Very thin fractures with large planar extent filled with electrically substantially non-conductive fluid (oil based mud) may block the induced current in the formation and could produce significant anomalies in the inverted formation parameters compared with those from the same formation without such fractures. The size of the anomalies may depend on the formation's vertical and horizontal resistivity (Rh, Rv, defined as the resistivities parallel to and perpendicular to the layering of the formation), the size of the fracture plane, and the relative dip and azimuth between the fracture plane and the layering structure of the formation. If the fracture plane is nearly parallel to the layering structure of the formation, the effects of the fracture on the triaxial induction measurements are small. On the other hand, if the fracture plane is close to or perpendicular to the layering structure of the formation the effect of the fracture may dominate the response of the triaxial instrument measurements. The most common fracture system encountered in typical wellbores is nearly horizontally layered formations with vertically oriented fractures. Therefore, triaxial induction logging tools can be used to detect and characterize most of the large vertical fracture systems encountered by a typical wellbore.
There are several patents, i.e., “System and method for locating a fracture in an earth formation”, U.S. Pat. No. 6,798,208 B2; “System and method for locating a fracture in an earth formation”, U.S. Pat. No. 6,924,646 B2; and “Method and apparatus for determining the presence and orientation of a fraction in an earth formation”, U.S. Pat. No. 6,937,021 B2, on the subject of using induction measurements to estimate the fracture orientation, the disclosures of which are incorporated herein by reference. All these prior patents have the detection of the existence of fracture in their title and claims. However, none of the above patents specifically discloses how to detect the existence of fracture.

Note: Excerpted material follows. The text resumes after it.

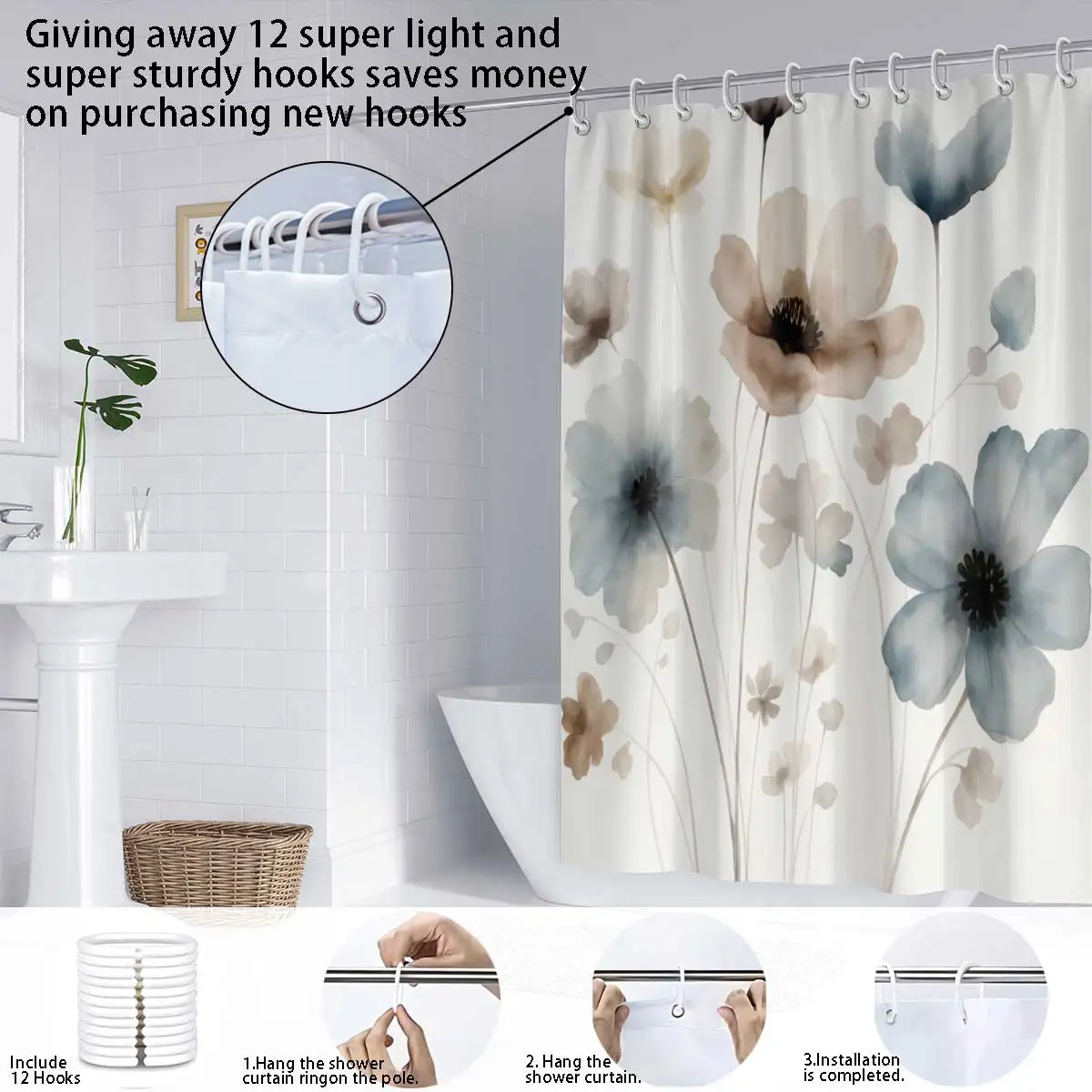 This elegant floral print shower curtain adds a soft, watercolor-inspired charm to any bathroom. Made from lightweight polyester, it drapes beautifully while offering full privacy and splash protection. The vibrant flower design brings a refreshing and timeless look suitable for all seasons. It includes durable hooks, making installation quick and effortless. The fabric is easy to clean and resists moisture, keeping your bathroom fresh and stylish. Its smooth, premium texture enhances the overall aesthetic of your bath space. The curtain fits most standard showers and tubs with ease. Perfect for updating your bathroom with a touch of artistic elegance.

All three of the foregoing patents demonstrate that if a large planar fracture is present near the wellbore, the fracture azimuth can be computed from certain measurement components perpendicular to the fracture plane. Such a computation is useless without the capability of identifying the existence of the fracture in the first place. The algorithms described in the foregoing patents would compute a value which may be due to dipping anisotropic formation, and may have nothing to do with the existence of orthogonally oriented fractures. From practical point of view, it is far more important and useful to have a fracture indicator first than to have a means to compute the fracture azimuth assuming a large fracture exists near the wellbore.